Злословие, царившее среди жильцов, можно было счесть за вполне дружеское, лишенное неестественной озлобленности. Но страховой агент из соседней страны навлёк на себя всеобщее нерасположение своими попытками перестраховать людей в отеле. Он как будто бы рассчитывал, что кто-нибудь должен умереть, тогда как, напротив, никто не собирался умирать. Его также называли господин директор, чтобы пробудить в нём чувство самоуважения; но по отношению к нему это была напрасная любезность. Сам себя он называл агентом Андерсоном и поправлял всех, дававших ему титул директора; это был только делец. Он был вполне доволен собою, плотно ел и крепко спал, и сил у него было через край. Жена генерального консула сказала раз: выгнать бы вон этого господина Андерсона!

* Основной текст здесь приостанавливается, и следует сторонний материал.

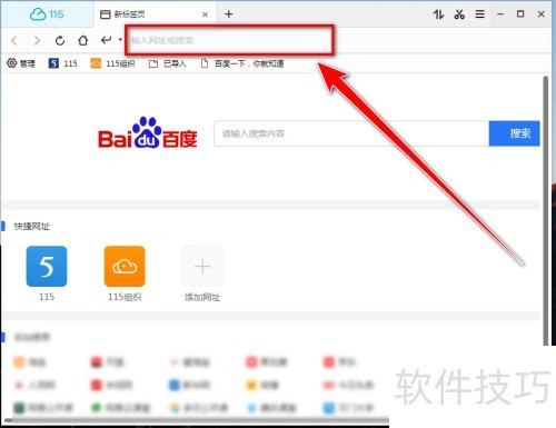 2、 在115浏览器地址栏输入欲保存网页的网址。

Но фру Мильде прекрасно знала, почему жена консула непременно хотела выжить Андерсона: он не догадался о её нежности к нему. Раз вечером она сидела и мечтала одна в саду, в темноте, а госрподин Андерсон проходил мимо. Она позвала его, назвав директором, и к тому же прибавила, что он такой здоровый и сильный, что её нервы успокаиваются уже при виде его.
— Вот как! — сказал Андерсон,
— И знаете, я думаю, что вы опасный человек, — сказала жена консула. — Идите сюда, составьте мне компанию.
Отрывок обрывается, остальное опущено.